An increase in skilled migration would not solve Australia’s labour shortages overnight, according to the government.

Treasurer Jim Chalmers says it’s a good idea to temporarily double the number of skilled migration places to 200,000 to deal with critical labour shortages. The federal government is planning a jobs summit to find common ground with the private sector.

Business groups have pushed for an increase in the number of immigrants allowed in because almost every industry is having trouble finding workers.

Mr. Chalmers told the ABC News that a lack of workers was “really putting the brakes on” the economy.

“Certainly, I think that as we come out of that COVID period when migration was mostly stopped, that should be a chance to think about the best mix of migration as the programme picks up speed again,” Mr. Chalmers said.

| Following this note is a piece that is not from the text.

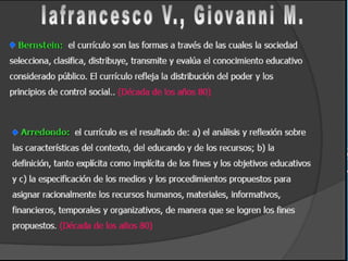 Este documento presenta una discusión sobre el currículo y la educación. Explora diferentes concepciones de currículo, los componentes del currículo como objetivos, contenidos, estrategias y evaluación. También examina los diferentes niveles de concreción del currículo, incluidos el nivel institucional, plan de estudios, programa de materia y plan de clase. Finalmente, analiza conceptos como competencias, contenidos conceptuales, procedimentales y actitudinales.
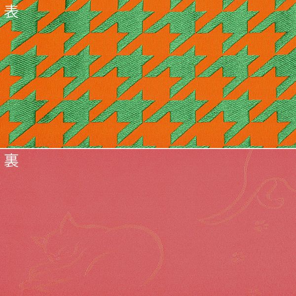 【Prices down2】京都きもの町オリジナル浴衣帯単品「千鳥 橙×緑」小袋帯 半幅帯 ポリエステル ゆかた帯 四寸 <16浴衣帯15>【メール便不可】ss2512oyk70

“This is something we’re talking about with business.

“But I would warn people not to think that migration is the answer to all of our economic problems, and it shouldn’t be a substitute for training Australians.”

Sally McManus, the secretary of the Australian Council of Trade Unions, said that any changes to migration must give migrants opportunities instead of taking advantage of them.

Ms. McManus said, “Our immigration system should give workers who want to make a better life for themselves and their families in this country a chance to do so, not make it easier for wage theft and exploitation to happen on a large scale.”

The Australian Retailers Association said on Monday that businesses are still worried about labour and skill shortages, even though inflation is going up, there are problems with the supply chain, and fuel and energy costs are going up.

Paul Zahra, the head of the ARA, said, “The problem affects everyone, from the smallest cafes to the biggest multinationals.”

“Around the country, there are almost 500,000 open jobs, including over 40,000 in retail trade alone.”

A recent OECD report found that Australia had the second-worst shortage of workers among developed countries.

Employee Benefit Agreements (EBAs) are being ripped apart by labour unions

But even though businesses are worried about a lack of workers, unions have said that their main goal at the national jobs summit in September will be to change the way business and labour relations work.

In particular, the ACTU has asked that businesses no longer be able to end enterprise bargaining agreements on their own.

The Treasurer agreed that EBAs need to be looked at again and said that the problem had caused wages to stay the same for the past 10 years.

Mr. Chalmers said, “The breaking of agreements has been a problem with the way we deal with work for a long time.”

Even though there were some disagreements at first, Mr. Chalmers said that the upcoming jobs summit would be a chance to find common ground instead of making things worse.

Deputy Opposition Leader Sussan Ley made fun of the upcoming summit by calling it a “Labor talkfest” that would boost sales of Post-It notes at stationery stores and “that’s about it.”

Mr. Chalmers didn’t agree with what was said.

“These people have had a decade to bring people together for the sake of the national economy, but they haven’t done it,” he said.

Since there is only room for 100 people on the guest list for the summit, Mr. Chalmers said that the opposition would have to show that it would be helpful for them to be there.

The Treasurer didn’t say for sure if independents or other parties would be invited to the summit, but he did say that the government would make sure they could contribute.